The factors which typically affect the performance of a value investor are Valuations, Opportunities, and Speculation.

Valuations

Deep Value Price-to-Cash-Flow Multiples over Time! This means stocks which are trading at low valuations multiply in value over time and same way the valuation may compress during another time.

Opportunities

Opportunities for investment open to the investor that stresses quantitative factors with precognition resulting into Growth.

Speculation

Massive interest in investment performance created through a short-term orientation.

The markets during the last decade have shifted towards “Opportunities” and “Speculation“. These have seen sell off in “Valuations” based business. In other words, deep-value stocks are at attractive prices maybe because of pessimism or pervasiveness.


As we follow “Opportunities” for sustainable wealth creation policies, the same can be found in “Trends” of the markets. Trend following works especially well for large growth and improves returns relative to buy and hold strategy. Trends work wonders across multiple asset classes and will not do justice to Value Investing if Growth is considered as an effective means for long term strategy. In short, Trend is an important catch.

If the Value has performed worse in recent times or is at low multiples, the chances of its expected returns becomes higher. With Growth though, the better the historic return, the higher the expected future return. Growth is generally seen in the Innovative Business segment of the economy. By innovating and creating new technologies, growth companies become more efficient with resources enabling them to deliver higher profit margins and faster earnings growth than their competitors.

Markets will chase Growth stocks by investing huge capital to seek comfort in very few companies leading to irrational stock prices at times. Value even at low multiples will struggle to perform as they must take huge actions in order for the business to sustain in a competitive and ever-changing economy. Not much capital will chase these value stocks hence multiples will take time to climb higher.

While growth stocks have soared to ever higher heights, value stocks have struggled to attract investor capital over the past 10 years mainly after 2007. Growth companies have access to cheap cost of capital compared to value companies as the latter has to reduce operations costs, pay dividends, do stock buybacks, etc, to keep cost of capital attractive and on the other hand, large growth stocks’ breakthrough innovations and fat profit margins.

But all said some value stocks still have an edge with companies that are profitable and cash flow positive to perform going forward.

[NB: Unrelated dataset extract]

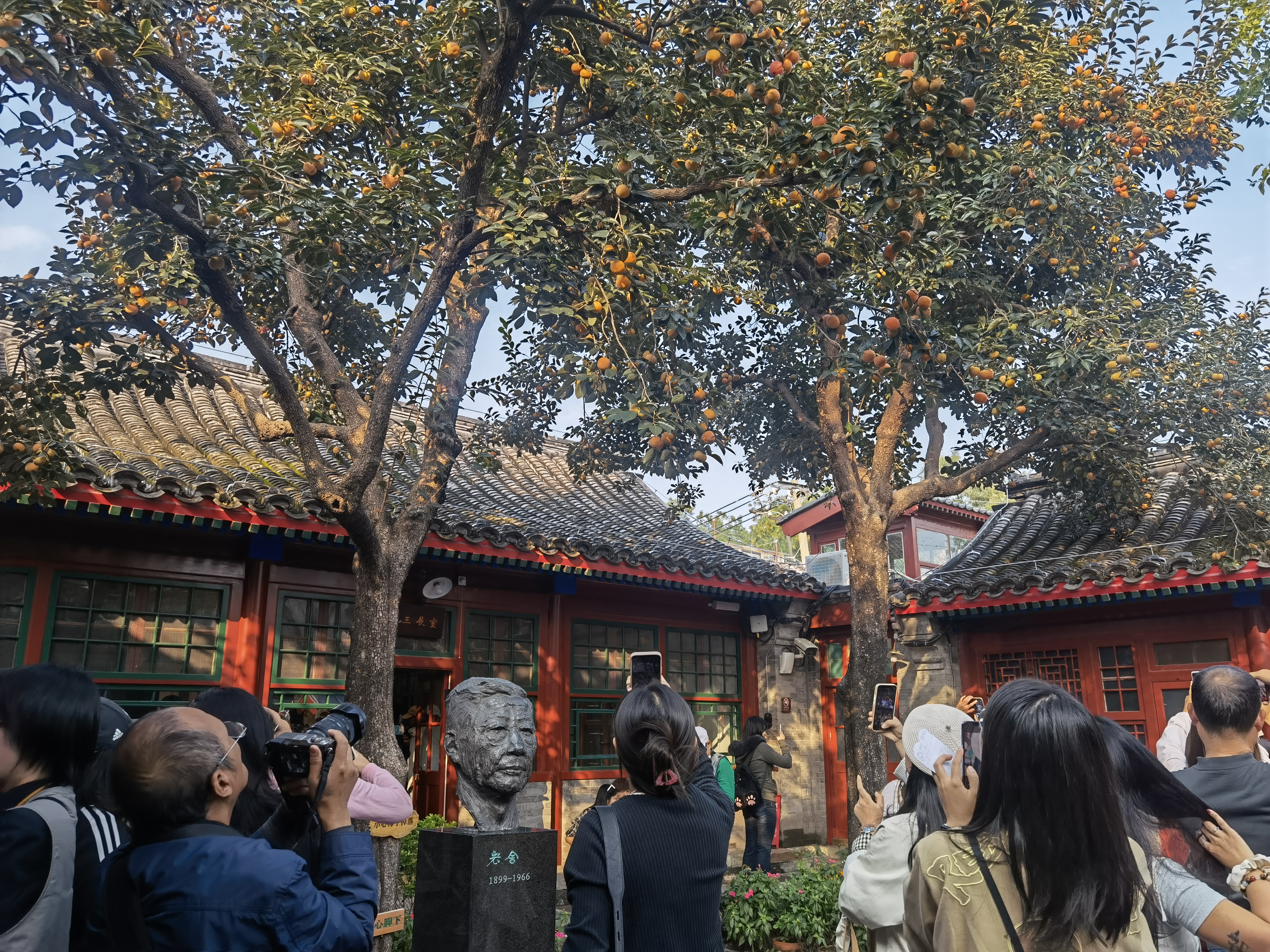 不少人举着手机、相机,寻找最佳角度拍摄柿树,还有人在老舍雕像前合影留念。虽然游客众多,但现场秩序有条不紊。除了柿树,纪念馆的三个展室内,以生动翔实的影像、实物资料和声光互动技术,展示了老舍先生的生平,也吸引了不少游客。

GROWTH V/S VALUE INVESTING - PART I

This blog will attempt to break the myths about investing and how some great minds have been deeply influenced the new millennials and Generation X mind. Investing is an art that requires multiple strategies to reach the destination.  No “one“ strategy can be considered a fool proof way of the wealth creation process.

The process of investing since the era of The Great Depression from the purview of market greats like Benjamin Graham, David Dodd, John Bogle, Phillip Fisher, Warren Buffet, Charlie Munger, Peter Lynch and others have mostly stood the test of time. All these great Investors had one thing in common: the philosophy of “Value Investing“ based on fundamental data such as financial statement line items, economic data, and unstructured data in a rigorous and systematic manner.


The common thread that united these great minds was “ Precognition” What is “Precognition” ?? It is a prescience, future vision, and future sight as claimed by psychics to see events in the future. There is a cult following for all these great Value Investors and their style of investing which has been adapted time and again by the Millennials and Generation  X. The Equity and Debt markets have undergone a massive change more after 1980 when the USA went for an all out fight against Inflation and more such policies were introduced in the system by USA and various other countries.


The thesis followed by Investors across the world modeled after the legends mostly traces only “Value Investing” and not “Precognition”, as the former is quantitative in nature and latter is psychology in nature. For successful investing the combination of quantitative plus psychology gives rise to Qualitative model. Hence Psychology plays an additional  significant role towards “wealth creation”. Most Investors cannot replicate the success of these legends because of the lack of “Precognition”.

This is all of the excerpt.